I am trying to implement localisation by storing images from a camera and their accompanying point clouds from a 2D lidar during mapping. During localisation I then use image matching to suggest the closest image and perform ICP on the point cloud to find the relative pose to where the original image was taken. My problem is that the best matching image is not always correct so I want to use the top say 5 images and see which one's point cloud aligns the best and if any of the alignments are any good at all. Unfortunately I have not been able to find any way of evaluating how good a point cloud registration is. Currently I am using the LibPointMatcher library and the best that it can provide is a residual error after alignment but some rough testing seems to suggest that this does not really help to determine if an alignment failed or not and does not seem to help with comparing the relative quality of different alignments either.
It is my understanding that there are algorithms such as Monte Carlo localisation/particle filter that can localise quite well using just 2D lidar scans.

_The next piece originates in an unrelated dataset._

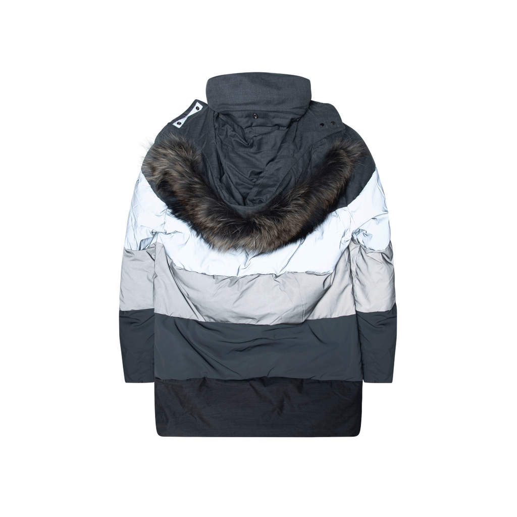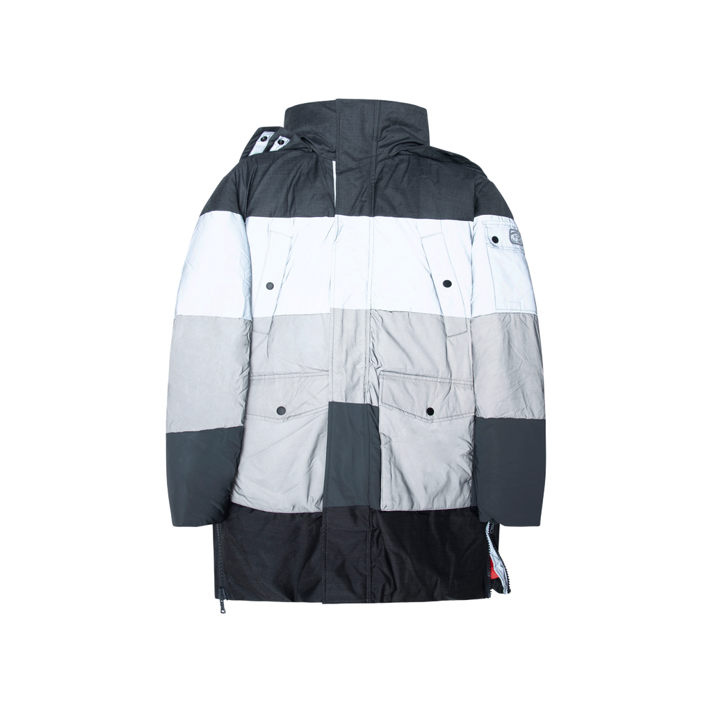 Nick Wooster x Paul & Shark Parka features four front pockets, one arm pocket on left arm, front hidden zip closure, hood, side zipper detail, and reflective detail throughout.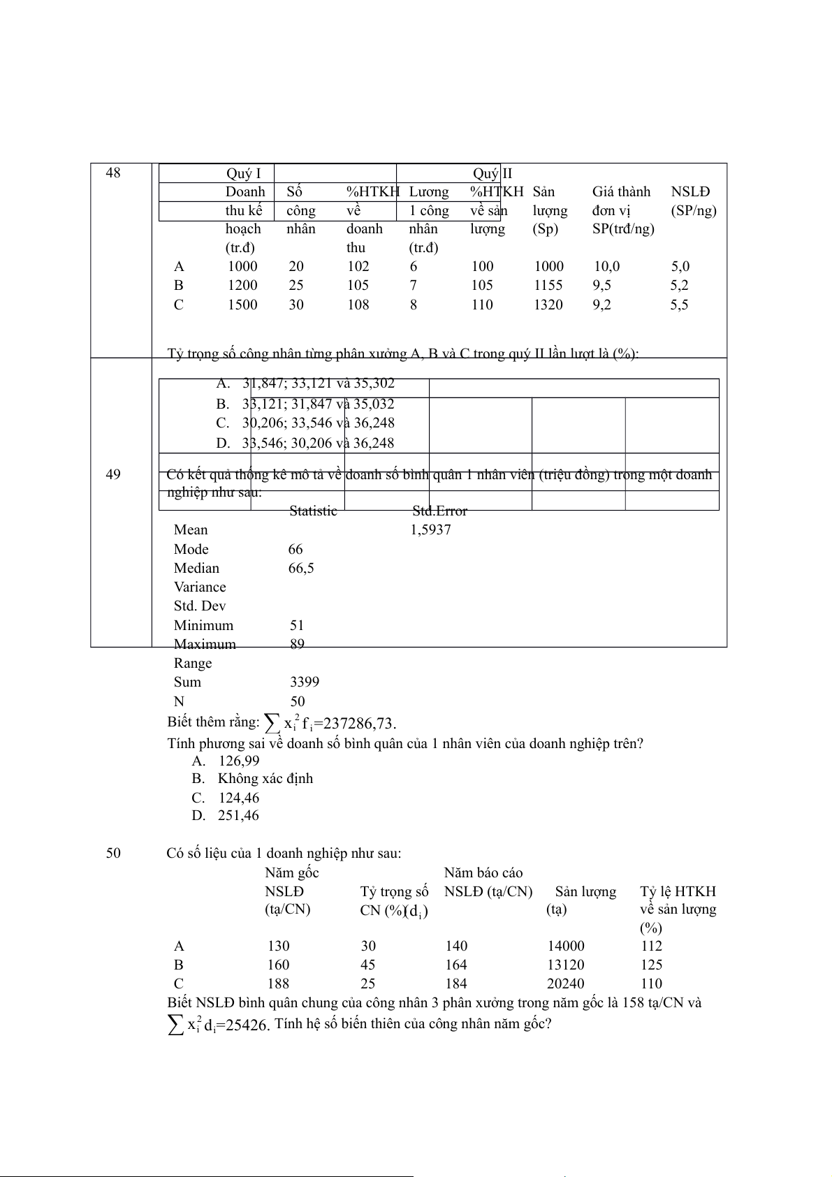 Tỷ trọng số công nhân từng phân xưởng A, B và C trong quý II lần lượt là (%): A. 31,847; 33,121 và 35,302 B. 33,121; 31,847 và 35,032 C. 30,206; 33,546 và 36,248 D. 33,546; 30,206 và 36,248 49

From my understanding of how they work they, they need to rank how likely each particle is after obtaining a lidar scan based on how well the current scan aligns with what would be expected given said particle's pose and the current map. Now obviously I am not actually building a point cloud map from which I am then calculating the expected points from each particle, but I think that my approach still amounts to something similar in that I also need to rank how likely it is that the current point cloud correlates with what was expected. Unfortunately, I have not been able to figure out how these Monte Carlo systems derive such an alignment probability.
Any suggestions on how I can rank the relative success of 2D point clouds registrations and preferably also identify alignments that were complete failures would be greatly appreciated.